El parque
Por Rafael Cárdenas Aldrete
y Jesús Chávez Marín
El día de su muerte, Avelino salió temprano de su casa, como siempre.
Hizo a pie su recorrido por las calles del Centro, desde su pequeña casa donde
vivía solo desde hacía quince años. Alguno de sus dos hijos le llamaba a veces
a esa hora para saber cómo estaba, o simplemente para el ritual de los buenos
días, por eso cargaba siempre su teléfono celular en una bolsa del saco.
Todavía hace algunos años escribía muchos mensajes, pero ya no, la vista no lo
ayudaba; tampoco las palabras, pues se le habían ido haciendo secas y escasas.
Desayunó con calma en una de las fondas que frecuentaba, allí mismo estaba El
Heraldo y le dio su buena repasada, revolviendo las hojas.
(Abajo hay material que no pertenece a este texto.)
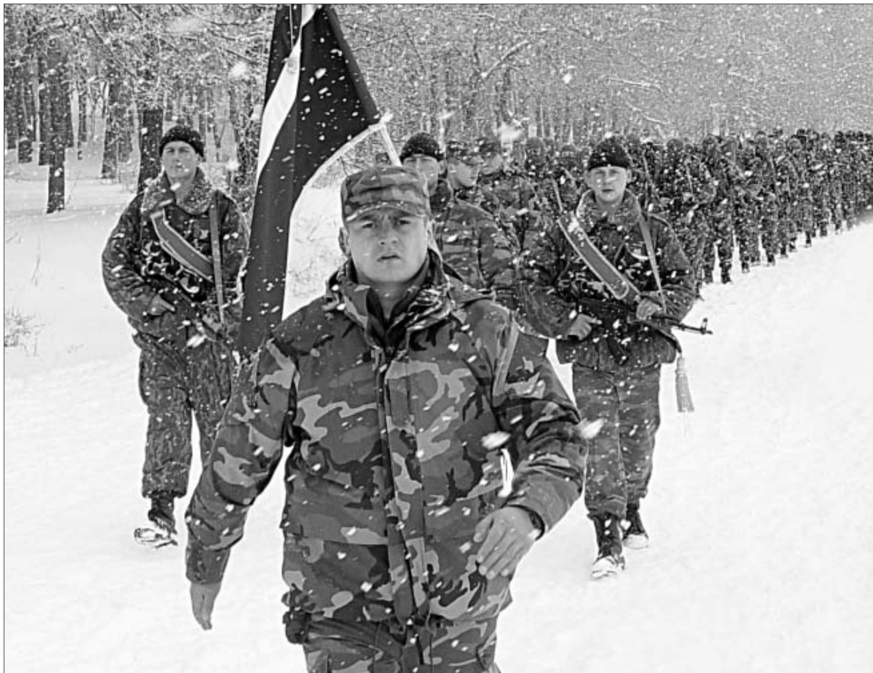
სწრაფი რეაგირების ძალების სპეცდანიშნულების ბრიგადის საბრძოლო დროში გადაეცა

Su vida era
apacible, sin sobresaltos ni esperanzas, cumpliendo sin aspavientos la condena
de su soledad, a la que aún le costaba resignarse.
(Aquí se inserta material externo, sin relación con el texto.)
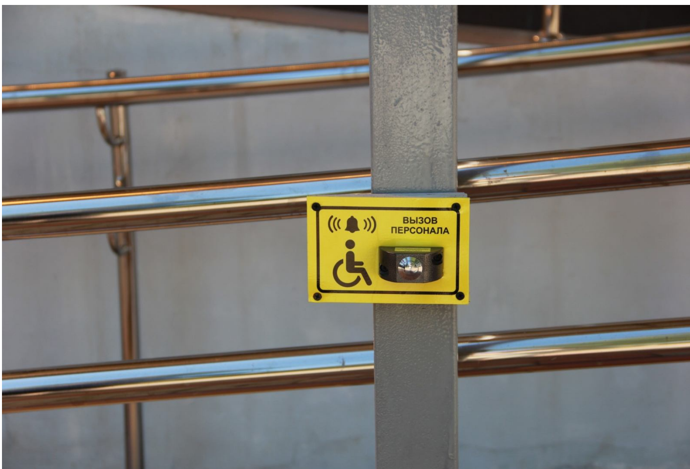
Пандус с двухуровневыми перилами к главной лестнице с кнопкой вызова персонала (для МГН)
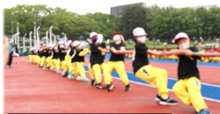
【3年】鬼滅の刃 ～無限綱引き編～
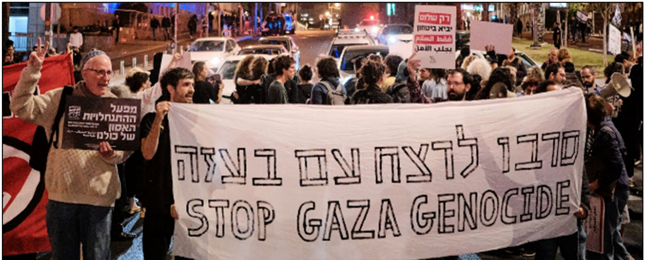
פעילים בחל אביב מפגינים נגד רצח העם בעזה
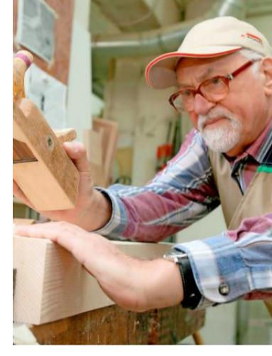
Wer den Meister macht, bekommt bald ein höheres Meister-Bafög.

BERLIN. Das Bundeskabinett hat einen Gesetzentwurf für das neue Meister-Bafög beschlossen. Vorgesehen sind zahlreiche Leistungsverbesserungen. So soll der maximale Unterhaltsbeitrag für Alleinstehende um 71 Euro auf 768 Euro steigen. (hos)
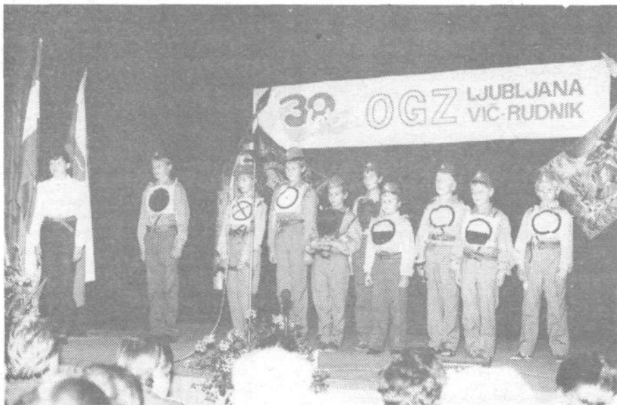
Ko smo opazovali iskren nastop mladih iskovarskih gasilcev, smo si želeli: da bi vsi ti fantje in dekleta tudi čez deset, petnajst let tako strumno stali v gasilski enoti in opravljali naloge, o katerih so odločno pripovedovali

Dos horas después, fue a sentarse en la misma banca de siempre, en la
plaza frente a la Catedral. Los que pasan de prisa nunca se fijan en un viejo
que permanece inmóvil mientras el tiempo exige el ritmo de todos; quienes
trabajan en las inmediaciones del lugar apenas si lo intuyen como parte del
paisaje: otro árbol viejo cuyas hojas secas se desprenden como pensamientos
estacionales.
Avelino ese día, sin habérselo propuesto, sin moverse, empezó a darle vuelo a los recuerdos. Después de una dicha efímera se le cruzó una angustia de olvido, un alud de soledad, una punzada insufrible de pasado no resuelto, un dolor hueco de ramas crujiendo en su pecho y también un temor puntiagudo que lo doblega poco a poco, hasta paralizarlo por la tensión de morir como un viejo elefante en una pradera ajena, en un parque público del Centro.